Verified analytics and benchmarking (revenue stream): Because receipts capture tool, timing, and error data in a trustworthy way, AEVS could sell verifiable reliability and performance benchmarking of agents and tools, data competitors cannot fake.
Screenshots
Landing page (9.0/10)
Strong hero with the bold 'Every tool call, signed.' headline, a real code snippet, copy-ready install command, and clear CTAs backed by a Product Hunt badge and trust details like ECDSA P-256 and open source.
How it works section (9.0/10)
Highly scannable Catch, Sign, Verify flow paired with a realistic signed receipt example and a clear problem framing that convincingly sells the value.
Login page (8.0/10)
Clean, low-friction sign-in with Google and GitHub options, a reassuring note that an account is created automatically, and consistent branding with the search bar visible.
Pros
Solves a real and timely problem: provable, independent evidence of what an agent actually executed
Genuinely low-friction integration, roughly two lines of code with no changes to existing tools
Strong cryptographic story: ECDSA P-256 signatures, hash chaining, KMS anchoring, and a working public verify flow
Public receipt explorer lets anyone verify a receipt with no account, which is a credible trust mechanism
Excellent machine-readability via a self-contained llms.txt aimed at coding agents
Open source under Apache-2.0, backed by Fetch.ai, with docs, examples, changelog, and a security policy in the repo
Honest beta labeling and clear, well-designed developer-focused site
Cons
No privacy policy and no terms of service, despite storing agent tool inputs and outputs and using OAuth login
Missing security headers (no CSP, X-Frame-Options, X-Content-Type-Options, Referrer-Policy, Permissions-Policy) on a product whose whole pitch is trust
Public explorer is mostly internal test and benchmark receipts (aevs_test_drain, aevs_bench_tool), which weakens the live-ledger impression for visitors
Thin real-world traction and social proof: no customer logos, testimonials, or usage stories, and modest GitHub stars
No pricing or usage limits stated anywhere, so cost and quotas are unknown
Messaging inconsistency: the site leads with ECDSA P-256 while the README and llms.txt lead with HMAC-signed
Dashboard login is Google or GitHub OAuth only, with no email option, which excludes some users
No JSON-LD structured data, sitemap.xml, or robots.txt, which limits search discoverability
Best for
Developers and teams building AI agents that take consequential, real-world actions (payments, refunds, data changes) and need portable, independently verifiable proof of exactly what ran.
Not for
Non-technical users, or simple chatbots and agents with no tool calls and no audit, compliance, or non-repudiation needs.
FAQ
What does AEVS actually do?
It intercepts every tool call your AI agent makes and writes a tamper-evident, cryptographically signed receipt that records the tool, inputs, output, timing, and errors. Each receipt is ECDSA P-256 signed, hash-chained, KMS-anchored, and can be verified by anyone with its reference_id.
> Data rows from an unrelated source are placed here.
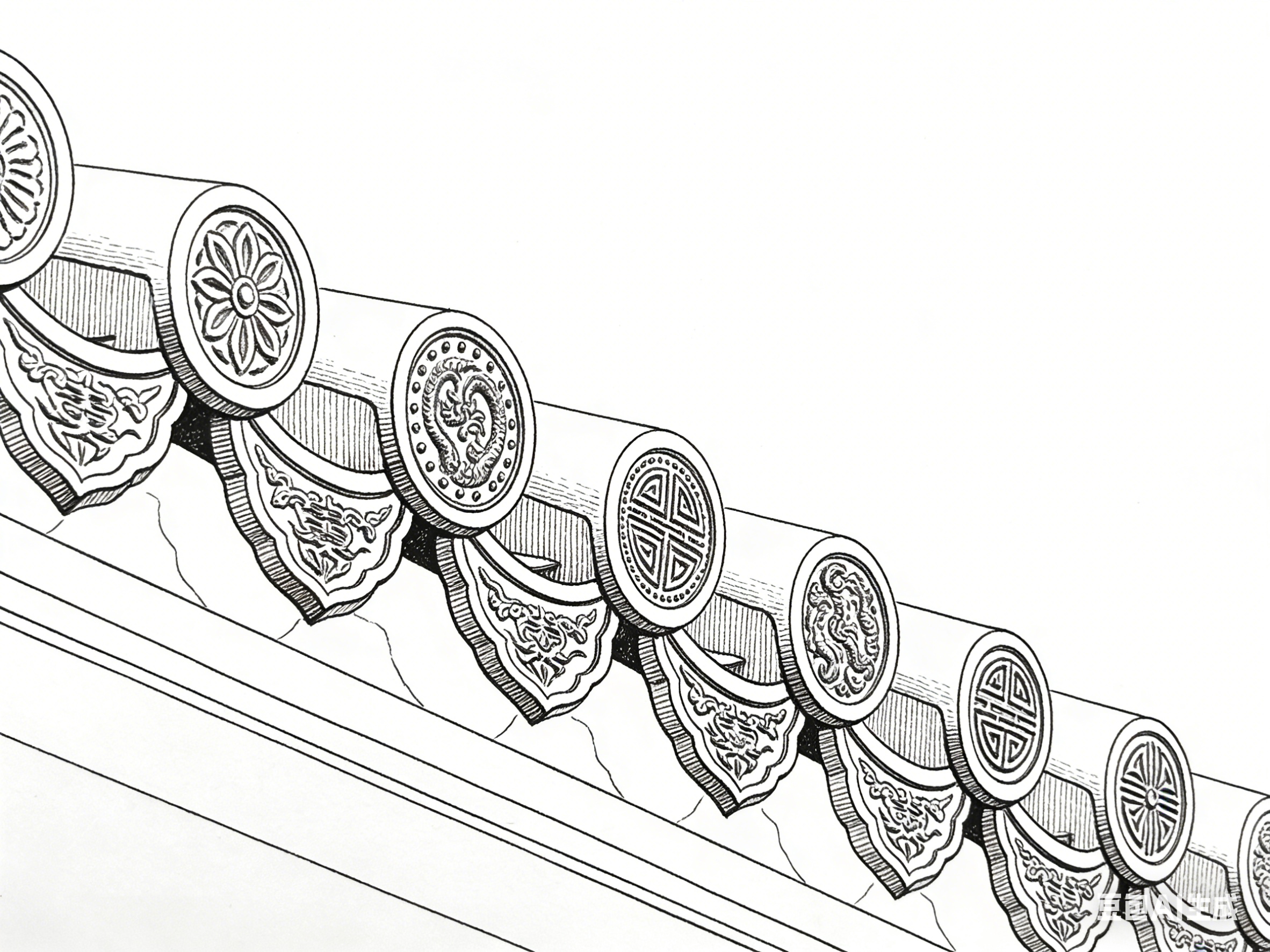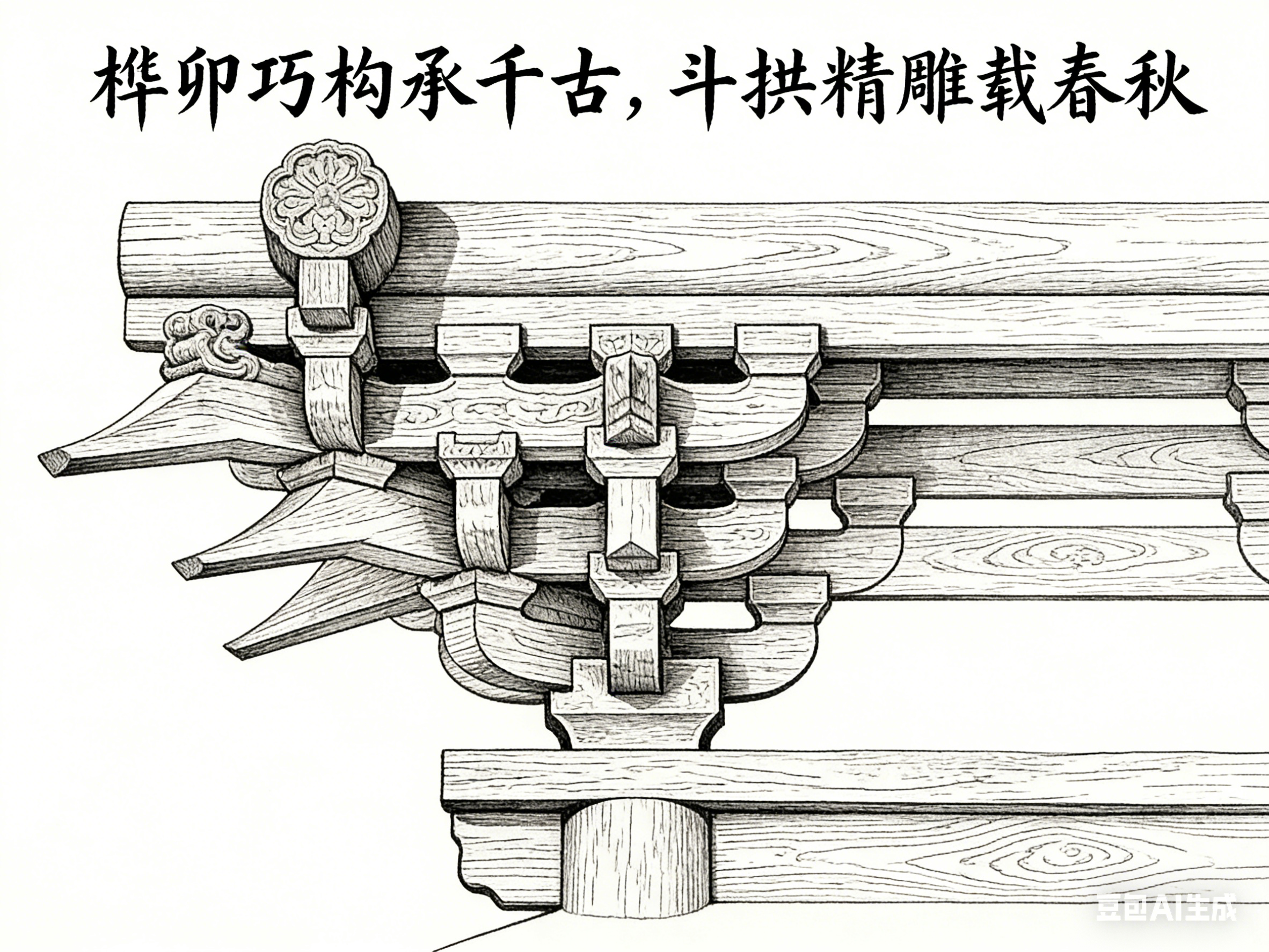 笔墨技法与古建园林构件的深度适配,是实现美学共生的关键。不同构件的结构特质、材质质感与审美功能,对应不同的笔墨处理方式,让笔墨既服务于构件的形态表现,又强化其审美价值。这种适配不是简单的技法套用,而是基于对构件与笔墨的双重理解,实现形式与内容的统一。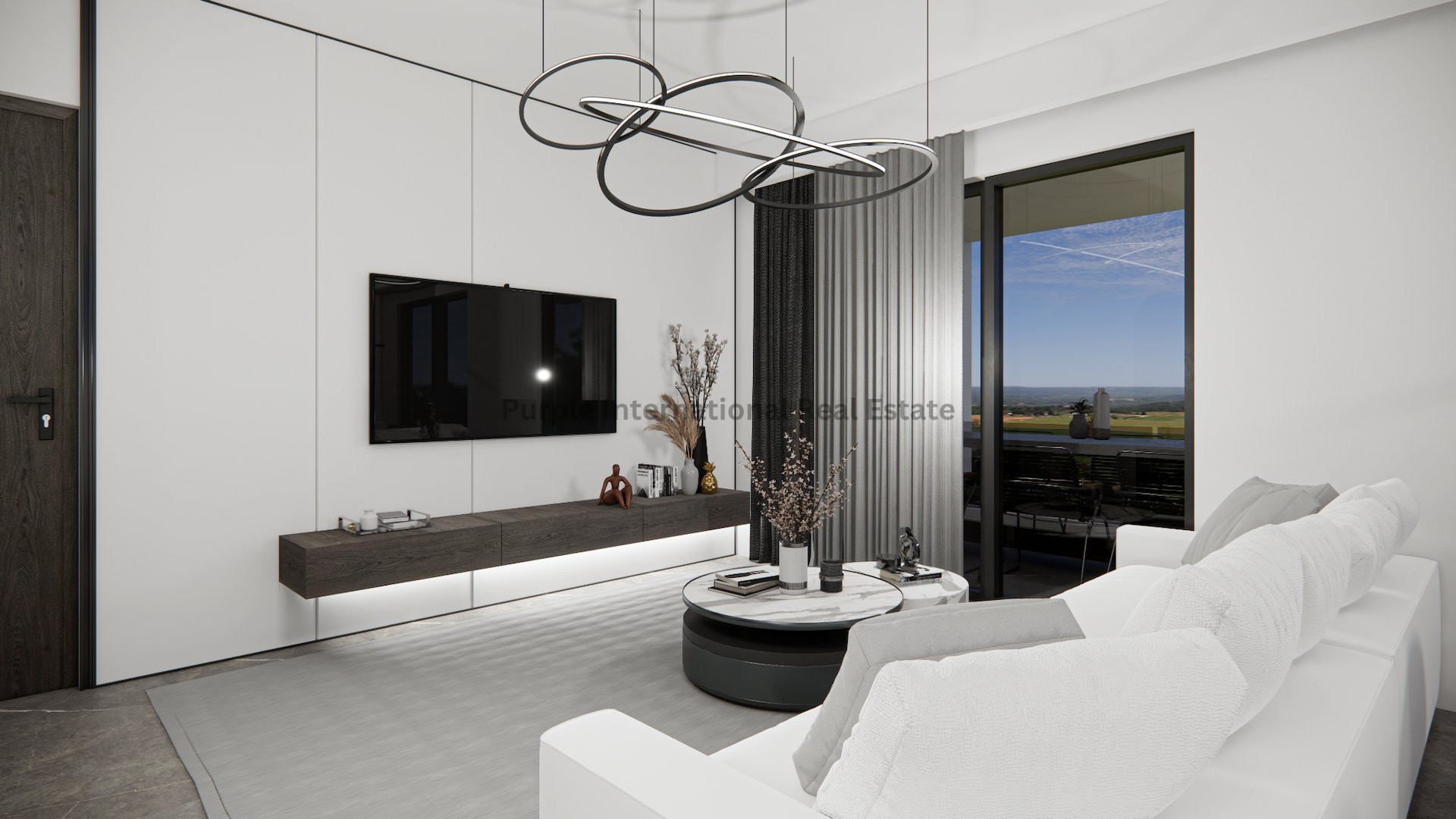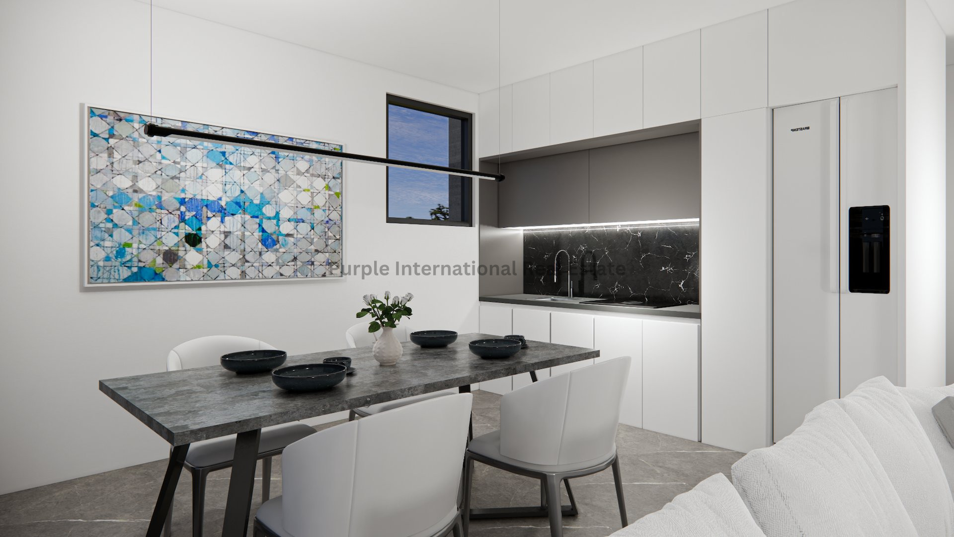 The open-plan layout includes underfloor heating for year-round comfort, and large windows offer stunning views of the sea. Residents enjoy access to a communal swimming pool, perfect for relaxing on warm days.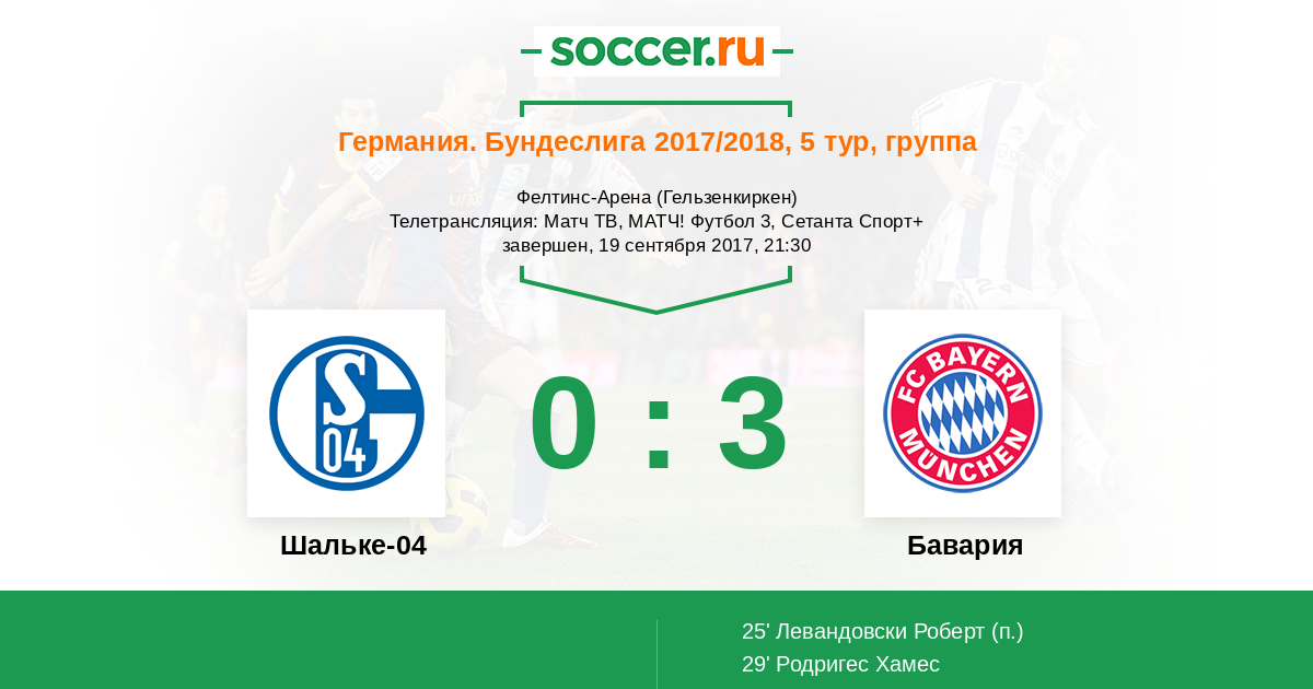 "Бавария" не оставила шансов "Шальке", отправив в сетку ворот соперника три мяча. Мюнхенцы поднимаются на привычную для себя первую строчку и теперь ждут результатов матчей своих конкурентов. Одним из героев сегодняшней встречи стал Хамес Родригес, который в своей первой игре в старте отметился голом и голевой передачей. Не забудьте выбрать лучших игроков в составах обеих команд. Текстовую онлайн-трансляцию провел Глеб Васильев. Продолжайте следить за немецким футболом на Soccer.Ru!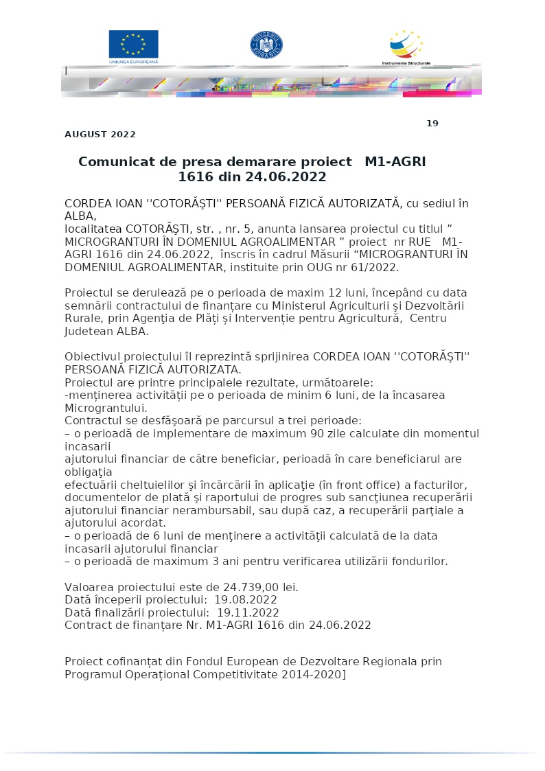 localitatea COTORĂŞTI, str. , nr. 5, anunta lansarea proiectul cu titlul ” MICROGRANTURI ÎN DOMENIUL AGROALIMENTAR ” proiect nr RUE M1-AGRI 1616 din 24.06.2022, înscris în cadrul Măsurii “MICROGRANTURI ÎN DOMENIUL AGROALIMENTAR, instituite prin OUG nr 61/2022.

Which frameworks does it support?
LangChain and LangGraph, and MCP (Model Context Protocol), on Python 3.10 to 3.13. Integration is about two lines of code and does not require changing your tools.
Do I need an account to verify a receipt?
No. Anyone holding a reference_id can verify a receipt through the public API or the explorer, without an account and without re-running the agent.
How much does it cost?
No pricing or usage limits are published. It is currently in open beta and free to sign in with Google or GitHub and get credentials.
Is it open source and who is behind it?
Yes, the SDK is open source under Apache-2.0 on GitHub (fetchai/AEVS-sdk) and the product is built by Fetch.ai. It is clearly labeled as beta, so APIs and the explorer may change.
Does it have a privacy policy or terms of service?
Not at the time of review. There is no privacy policy or terms on the site even though it stores agent tool inputs and outputs, which is a gap to weigh if you handle sensitive data.